■ **What the task requires**
Set out exactly, line by line, the stretch of data below that begins at the line containing "Pièce France Louis" and ends at the line containing "During a recent", with both ends kept.
(Beginning of Given data)
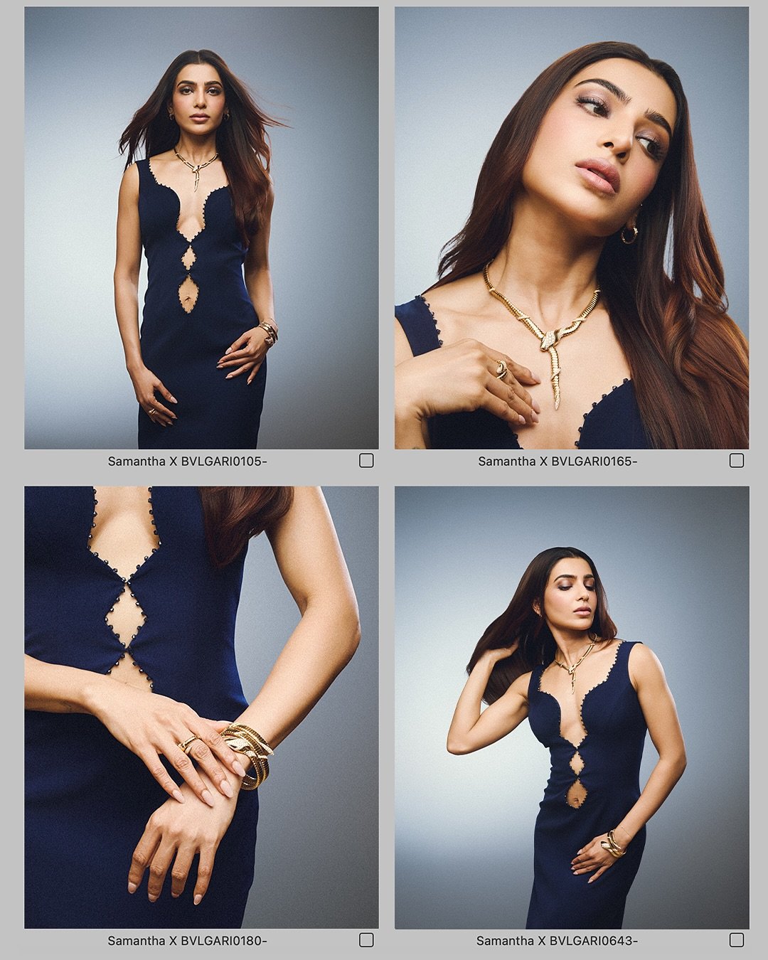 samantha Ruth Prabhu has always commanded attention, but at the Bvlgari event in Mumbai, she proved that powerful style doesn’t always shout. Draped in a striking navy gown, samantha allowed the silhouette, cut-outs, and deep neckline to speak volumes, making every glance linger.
(End of Given data)
(Beginning of Given data)
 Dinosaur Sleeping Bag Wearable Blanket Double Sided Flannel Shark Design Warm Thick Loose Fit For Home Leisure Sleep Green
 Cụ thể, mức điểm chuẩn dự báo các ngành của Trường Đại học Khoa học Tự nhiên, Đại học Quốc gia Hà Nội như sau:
(End of Given data)
(Beginning of Given data)
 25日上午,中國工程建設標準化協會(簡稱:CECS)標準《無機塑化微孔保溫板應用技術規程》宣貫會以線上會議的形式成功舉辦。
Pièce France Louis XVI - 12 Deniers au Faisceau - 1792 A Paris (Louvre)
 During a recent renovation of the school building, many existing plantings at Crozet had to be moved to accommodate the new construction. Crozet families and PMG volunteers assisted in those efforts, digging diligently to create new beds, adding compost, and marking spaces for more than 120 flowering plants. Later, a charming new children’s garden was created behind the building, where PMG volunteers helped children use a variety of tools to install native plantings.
(End of Given data)
■ **Output of the exercise**
Pièce France Louis XVI - 12 Deniers au Faisceau - 1792 A Paris (Louvre)
 During a recent renovation of the school building, many existing plantings at Crozet had to be moved to accommodate the new construction. Crozet families and PMG volunteers assisted in those efforts, digging diligently to create new beds, adding compost, and marking spaces for more than 120 flowering plants. Later, a charming new children’s garden was created behind the building, where PMG volunteers helped children use a variety of tools to install native plantings.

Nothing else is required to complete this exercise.